Top of Entries provided

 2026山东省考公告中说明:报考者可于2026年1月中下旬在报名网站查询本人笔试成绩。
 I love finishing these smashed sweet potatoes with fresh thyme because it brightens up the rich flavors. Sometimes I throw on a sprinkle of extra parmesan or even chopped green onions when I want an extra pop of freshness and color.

Bottom of Entries provided
Top of Entries provided

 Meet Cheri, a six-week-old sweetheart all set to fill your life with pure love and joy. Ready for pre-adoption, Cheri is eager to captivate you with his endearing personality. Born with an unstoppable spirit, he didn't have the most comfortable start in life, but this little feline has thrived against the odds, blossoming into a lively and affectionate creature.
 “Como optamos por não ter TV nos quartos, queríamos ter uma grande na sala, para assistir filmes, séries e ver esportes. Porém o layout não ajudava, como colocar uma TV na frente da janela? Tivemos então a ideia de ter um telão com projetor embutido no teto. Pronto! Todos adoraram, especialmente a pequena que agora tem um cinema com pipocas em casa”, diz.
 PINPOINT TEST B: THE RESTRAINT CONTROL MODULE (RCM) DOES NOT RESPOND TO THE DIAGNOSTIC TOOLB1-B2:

Bottom of Entries provided

*The task*. In the listing above, find the line holding "2026山东省考公告中说明:报考者可于2" and the line holding "I love finishing", then output those two lines and every line between them exactly.

*Reply to the exercise*.
 2026山东省考公告中说明:报考者可于2026年1月中下旬在报名网站查询本人笔试成绩。
 I love finishing these smashed sweet potatoes with fresh thyme because it brightens up the rich flavors. Sometimes I throw on a sprinkle of extra parmesan or even chopped green onions when I want an extra pop of freshness and color.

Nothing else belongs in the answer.